Na razie Ewa, na wszelki wypadek, od paru dni leżała w łóżku. Pod górą od piżamy chowała małe, puszyste, niemal żywe stworzonko, które wyrwała ze stosiny dużego pióra, jak nakazał Bezdomny. Całe pióro nie mieściło się już pod jej ubraniem i mógłby je dostrzec ktoś niepożądany. Gdy wyrywała z niego tę jedną pierzastą kitkę, miała poczucie straty, jakby uszkodziła bezcenne arcydzieło. Najwyraźniej jednak niewielki puszek czuł się dobrze blisko ciała dziewczynki, gdyż przylgnął do jej serca i tak pozostał.

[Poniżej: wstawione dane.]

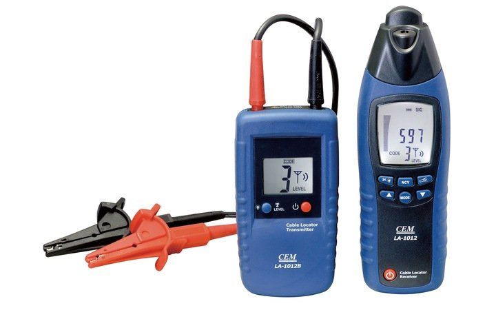 Lokalizator LA-1012 służy do wykrywania przewodów i metalowych rur. Wykrywa przewody elektryczne w ścianach, zwarcia oraz przerwy w instalacji. Przyrząd umożliwia śledzenie instalacji elektrycznej podtynkowej jak również jej trasy w ziemi niezależnie od tego czy obwód znajduje się pod napięciem czy tez nie. Umożliwia wykrycie przerw i zwarć w elektrycznych obwodach ogrzewania podłogowego oraz poszukiwanie metalowych rur instalacji CO i wodociągowych.  Zestaw lokalizujący składa się z dwóch przyrządów: nadajnika i lokalizatora. Nadajnik wytwarza sygnał 125kHz doprowadzany do poszukiwanego kabla/rury, dookoła śledzonego kabla powstaje pole magnetyczne, które po dotarciu do odbiornika jest przetwarzane na wynik  wyświetlany w postaci cyfrowej i baragrafu na wyświetlaczu LCD. Gdy lokalizuje się przerwę w linii używając do tego celu jednego nadajnika dołączonego do jednego końca tej linii, to w pewnych warunkach miejsce przerwania może być trudne do dokładnego zlokalizowania, ze względu na zakłócenia pola. Można tego uniknąć używając dwóch nadajników dołączonych po obu końcach testowanej linii. W takim przypadku każdy z nadajników ma ustawioną wartość kodu (np. 1 i 2). Warunek: testowana linia nie może być pod napięciem.<br/>Użycie drugiego nadajnika jest wymagane przy wykrywaniu błędów w podpodłogowych instalacjach centralnego ogrzewania (metoda jednobiegunowa), głębokość śledzenia do 2 m. Komplet składa się z nadajnika LA-1012B, odbiornika LA-1012, 2 przewodów pomiarowych (czarny i czerwony) zakończonych wtykami banankowymi bezpiecznymi, 2 chwytaki krokodylowe bezpieczne (czarny i czerwony), 2 sondy igłowe bezpieczne (czarno-szara i czerwono-szara), 2 baterie (zainstalowane), neseser sztywny mieszczący przyrządy i akcesoria, instrukcja obsługi. Dodatkowy nadajnik jest dostępny jako opcja.

– Co mam robić? – zastanawiała się Ewa. Wiedziała, że sama nie wymyśli niczego mądrego, że nigdy w życiu nie odgadnie anielskich zamysłów; jedynie pióro może jej podpowiedzieć właściwe działanie i stosowny moment. Lecz na razie nie dawało żadnego znaku.

Mijały kolejne dni i nic się nie działo. Zmieniło się tylko to, że gdy teraz Ewa podchodziła do okna, by spojrzeć na jesienny ogród, a jesień powoli już miała się ku zimie, często widziała w nim tatę.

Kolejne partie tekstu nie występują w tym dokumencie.